Edit: fixing spelling

[–]Mustang97 6 points7 points ago

If third parties are targeted with seizures in the same action as the primary seizure party, I would suggest an override to the Fed R. Civ. Pro. (only for these types of actions) so that separate actions are required for each defendant/complaint. This is so that personal jurisdiction standards are fairly met for each defendant, and so that a plaintiff doesn't just have the leisure of hailing endless defendants from all over the U.S. / world into its own cozy forum, and being subjected to the plaintiff's own neatly packaged action. In effect, it shifts the burden to complain upon the plaintiff and it reduces litigation burden on the third party. The bill should probably also address Joinder, Impleader, Interpleader, etc. rules so that the above requirement cannot be subverted.

Reddit would love to see the draft bill!

[–]Neebat 1 point2 points ago

The judge first has to be aware of the third parties affected. In many cases, the complainants aren't telling the judge that the domain serves millions of people. Mega was a great example. All the documents filed for the warrants omitted any mention of legitimate use.

If the judge doesn't know there are affected third-parties with legitimate use for the site, they may order the whole thing shut down, whether that's proper procedure or not. By the time the court becomes aware of what's happened, there may be millions of dollars in damages.

[–]Mustang97 1 point2 points ago

Yes, I see your point and its absolutely correct.

However, I was just talking about an action where a defendant AND third party are complained upon and both are subjected to seizure by the plaintiff (Arising out of the same transaction...etc.). My thought is that a primary defendant and a third party should each get their own separate hearings, and a right that it not be joined.

I think some sort of a separate hearing requirement is necessary to prevent a plaintiff from "knocking down all the pins with one bowling ball."

[–]Neebat 1 point2 points ago

That's fair. Unfortunately, it's frequently not possible with the way courts are dealing with these cases.

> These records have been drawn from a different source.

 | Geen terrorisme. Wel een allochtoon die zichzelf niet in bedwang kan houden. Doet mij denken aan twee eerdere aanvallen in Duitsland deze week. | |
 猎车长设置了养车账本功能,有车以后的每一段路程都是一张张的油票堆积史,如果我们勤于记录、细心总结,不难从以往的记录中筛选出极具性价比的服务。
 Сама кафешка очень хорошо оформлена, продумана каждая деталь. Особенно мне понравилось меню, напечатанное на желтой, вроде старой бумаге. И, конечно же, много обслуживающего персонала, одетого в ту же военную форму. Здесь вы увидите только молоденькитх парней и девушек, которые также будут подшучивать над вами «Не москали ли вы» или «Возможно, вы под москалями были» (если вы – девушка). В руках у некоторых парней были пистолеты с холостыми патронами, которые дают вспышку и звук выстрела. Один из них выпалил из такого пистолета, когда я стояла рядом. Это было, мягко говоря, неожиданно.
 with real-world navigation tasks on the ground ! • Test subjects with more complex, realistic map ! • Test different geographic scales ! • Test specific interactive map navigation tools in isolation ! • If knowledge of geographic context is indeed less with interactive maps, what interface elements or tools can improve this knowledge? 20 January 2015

Currently the system is biased toward fast take-downs because of a perception that digital evidence is ethereal and easily destroyed. So long as we value speed over justice, we're fucked. Courts need to learn that the first step should always be a sealed forensic backup, followed by putting the site back online during the legal process. Law enforcement needs to be held responsible for a quick turn-around, returning servers and equipment undamaged to get the site back on line to sustain the business. Anything else is punishment before the trial.

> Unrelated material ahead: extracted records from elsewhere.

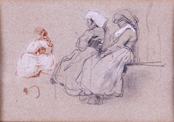 Due disegni: "Tre donne in costume laziale"; al verso "Paesaggio agricolo con covoni", 1920
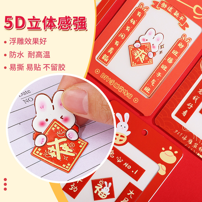 2023中国の新年漫画文房具ステッカーかわいい国潮风5dレリーフウサギ学生子供装饰ステッカー
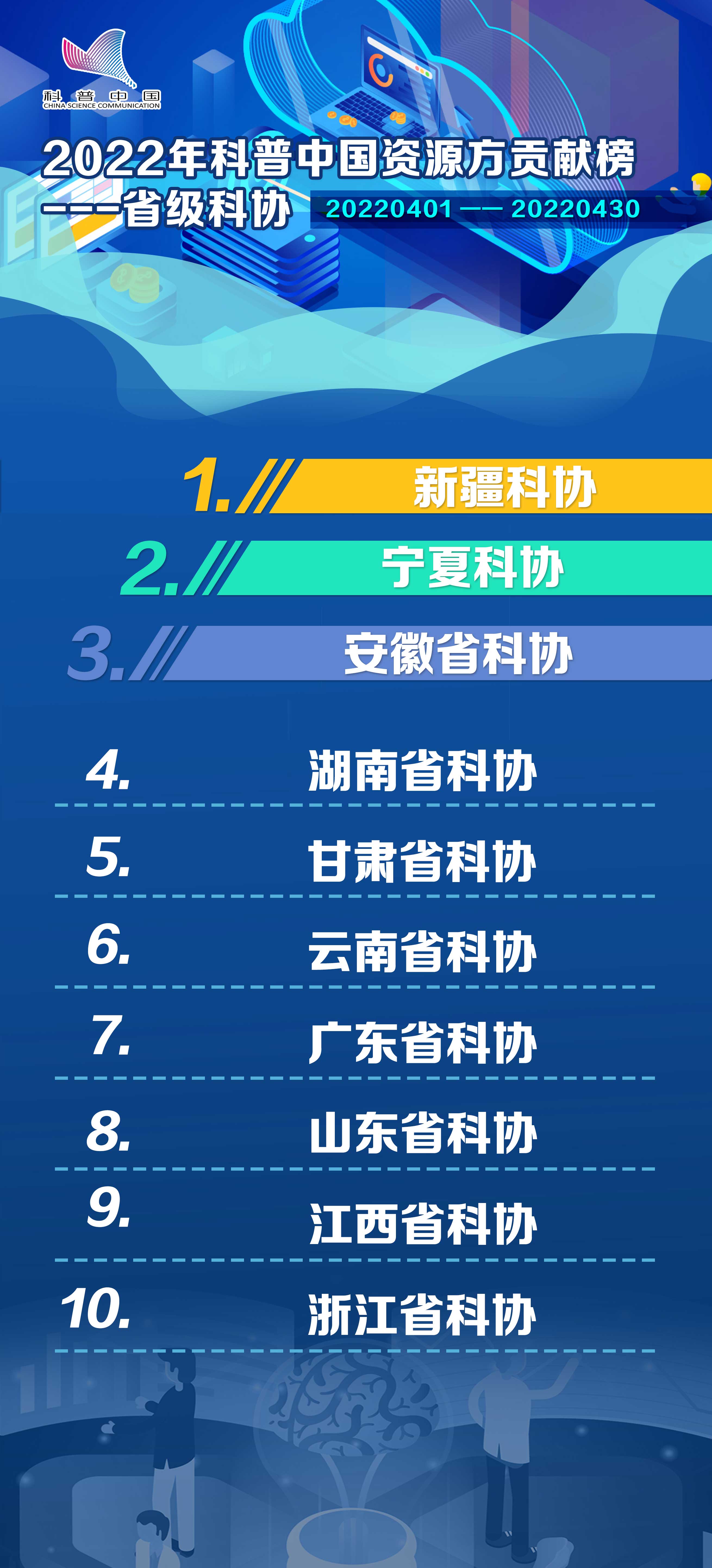 2022年科普中国资源方贡献榜-省级科协 四月榜单发布科普中国 2022-06-02 |

This gives time for third-parties to be notified BEFORE the take-down. So long as there is a delay between notification and take-down, the process will be much less destructive. It is, after all, in the best interest of the site-owners to have as many people as possible in front of the court arguing to stop the take-down. (Of course, there may be some site owners too image-obsessed to recognize this.)

[–]jupiterkansas 1 point2 points ago

Wouldn't the sealed forensic backup be a violation of copyright?

[–]Neebat 0 points1 point ago

Police get to break all kinds of laws when necessary for their duties. They may need to steal (commandeer) a vehicle, watch child porn, destroy private property, or even run a red light. For police, violating copyright may be just part of the job. (This is actually a rarely mentioned case of fair use.)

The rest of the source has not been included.